Смекни!
smekni.com

Духовный портрет личности писателя Леонида Андреева (стр. 12 из 23)

«Жизнь Василия Фивейского» в полной мере отразила определенную систему убеждений, сложившихся у Л. Андреева, со всеми противоречиями, свойственными его мятущемуся духу.

Прежде чем перейти к непосредственному анализу повести, важно отметить тот факт, что все ключевые темы и образы, такие как зло, рок, судьба, провидение, бунт, одиночество, поиск истины, – которые составляют внутренний мир произведения, рассматриваются не только как функционально-композиционные единицы повести, но и как философско-мировоззренческие аспекты, выражающие мысль самого автора.

Параллели с книгой Иова

Очевиден тот факт, что книгу Иова и произведение Л. Андреева объединяют тематические, и, в некоторых моментах, даже вербально-парафразные параллели. Начнем с последних: «И случилось это на седьмой год его благополучия, в знойный июльский полдень…», – читаем мы на первых страницах повести[116]. В библейской книге Иова 1 глава, стих 13: « И был день, когда сыновья его и дочери его…»[117] И далее можно проследить картину представленных тематических аллюзий. Но, если история Иова начинается с описания благополучия и внезапно постигших бедствий (из 42 глав этим событиям посвящены только 1-я и 2-я главы), то в «Жизни Василия Фивейского» страшные бедствия сопровождают главного героя, фактически, до самого конца. Упреки Елифаза, Вилдада и Софара, усматривавших причину бедствий, постигших Иова в каком-то тайном грехе: «Верно злоба твоя велика и беззакониям твоим нет конца» (22:5)[118] перекликаются с осуждением о. Василия: «Нестоящий он человек. Ни себя содержать он не умеет, ни жену. Разве это порядок, чтобы у духовного лица жена запоем пила, без стыда, без совести? Попробуй моя запить, я б ей прописал!» – возмущается церковный староста Иван Порфирыч[119]. Однако ключевым моментом становится принципиальное различие двух сюжетов: на тягостные вопрошания Иова (главы с 3-ей по 37) о смысле постигших его несчастий, Бог дает ему ответ «из бури» (главы 38–42). А в повести Л. Андреева мы только сталкиваемся с «молчанием в комнате, свистом и злым шипением метели…», где «нет никого», и тишина стоит «немая и тяжелая, как будто задумался безысходно кто-то большой, опустил глаза и молчит»[120]. Подобное «молчание небес» суровым облаком окружает о. Василия до самой погибели. Бог не ответил ему, как это было в истории с Иовом. Потеря сына так и не была восполнена, тогда как «…благословил Бог последние дни Иова более, нежели прежние… И было у него семь сыновей и три дочери» (глава 42, стихи 12,13)[121].

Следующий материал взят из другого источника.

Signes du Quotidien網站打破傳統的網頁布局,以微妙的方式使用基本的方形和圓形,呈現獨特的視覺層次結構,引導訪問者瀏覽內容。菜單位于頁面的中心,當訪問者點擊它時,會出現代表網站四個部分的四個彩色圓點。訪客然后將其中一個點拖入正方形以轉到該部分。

Этот факт смерти детей отца Василия Фивейского в параллели с гибелью детей Иова очень значим. Отчаянным криком взывает к Господу попадья после похорон сына в молитве «всех несчастных матерей: “Господи, возьми мою жизнь, но отдай мое дитя!”»[122]. Тема продолжения жизни в детях очень волновала писателя[123]. Вот как эта идея отразилась в дневнике самого Л. Андреева: «Живем мы совершенными Робинзонами, и это было бы невыносимо, если бы не дети. Вот кто придает смысл даже этой жизни, и только теперь, за этот каторжный год, я оценил их значение. С детьми мы составляем, сколько нас не мало, целое человеческое общество, человечество, со всеми возможностями, в него заложенными: бессмертием, преемственностью, и жизнью идей, совершенствованием, любовью, ревностью, страданием и гениальностью. Перенеси нас в таком составе, как дерн на лопате, на какой-нибудь истинно необитаемый остров, мы будем жить и положим начало новой Америке или Австралии»[124]. У Иова дети гибнут, но эта потеря восполняется под конец повествования. У отца Василия гибнет сын в начале повести и затем рождается новый – воплощение живой гибели[125].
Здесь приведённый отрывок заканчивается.